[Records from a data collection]

********

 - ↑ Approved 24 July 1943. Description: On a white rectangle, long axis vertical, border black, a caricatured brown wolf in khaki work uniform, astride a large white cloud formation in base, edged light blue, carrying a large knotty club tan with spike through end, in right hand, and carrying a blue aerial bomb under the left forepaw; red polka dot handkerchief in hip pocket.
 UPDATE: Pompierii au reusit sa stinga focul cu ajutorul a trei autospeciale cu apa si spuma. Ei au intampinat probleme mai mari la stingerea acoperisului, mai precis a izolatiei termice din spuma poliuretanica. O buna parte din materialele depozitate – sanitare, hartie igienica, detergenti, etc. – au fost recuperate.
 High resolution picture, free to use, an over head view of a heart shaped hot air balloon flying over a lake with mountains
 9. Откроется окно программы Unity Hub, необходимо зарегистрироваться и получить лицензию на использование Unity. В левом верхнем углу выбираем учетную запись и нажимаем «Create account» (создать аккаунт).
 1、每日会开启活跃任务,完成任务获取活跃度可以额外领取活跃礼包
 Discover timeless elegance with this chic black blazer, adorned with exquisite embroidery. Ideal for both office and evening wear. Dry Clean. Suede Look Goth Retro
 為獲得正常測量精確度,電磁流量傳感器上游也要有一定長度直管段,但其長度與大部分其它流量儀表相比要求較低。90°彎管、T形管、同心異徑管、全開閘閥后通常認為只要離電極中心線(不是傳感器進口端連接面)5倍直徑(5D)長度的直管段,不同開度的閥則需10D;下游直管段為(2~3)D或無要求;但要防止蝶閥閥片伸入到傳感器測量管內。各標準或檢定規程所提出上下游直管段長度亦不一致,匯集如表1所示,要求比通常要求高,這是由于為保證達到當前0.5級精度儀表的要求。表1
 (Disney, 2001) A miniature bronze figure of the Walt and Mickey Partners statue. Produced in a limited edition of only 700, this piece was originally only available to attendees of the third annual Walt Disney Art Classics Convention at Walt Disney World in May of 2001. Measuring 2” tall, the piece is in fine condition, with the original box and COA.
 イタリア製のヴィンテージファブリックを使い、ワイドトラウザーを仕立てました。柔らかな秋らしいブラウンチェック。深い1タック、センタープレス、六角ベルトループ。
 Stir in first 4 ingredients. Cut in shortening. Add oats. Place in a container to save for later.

********

## What the task asks
Using the data above, extract exactly the lines from the one that holds "High resolution picture, free" to the one that holds "Discover timeless elegance", both ends included, and no others.

## Written solution
 High resolution picture, free to use, an over head view of a heart shaped hot air balloon flying over a lake with mountains
 9. Откроется окно программы Unity Hub, необходимо зарегистрироваться и получить лицензию на использование Unity. В левом верхнем углу выбираем учетную запись и нажимаем «Create account» (создать аккаунт).
 1、每日会开启活跃任务,完成任务获取活跃度可以额外领取活跃礼包
 Discover timeless elegance with this chic black blazer, adorned with exquisite embroidery. Ideal for both office and evening wear. Dry Clean. Suede Look Goth Retro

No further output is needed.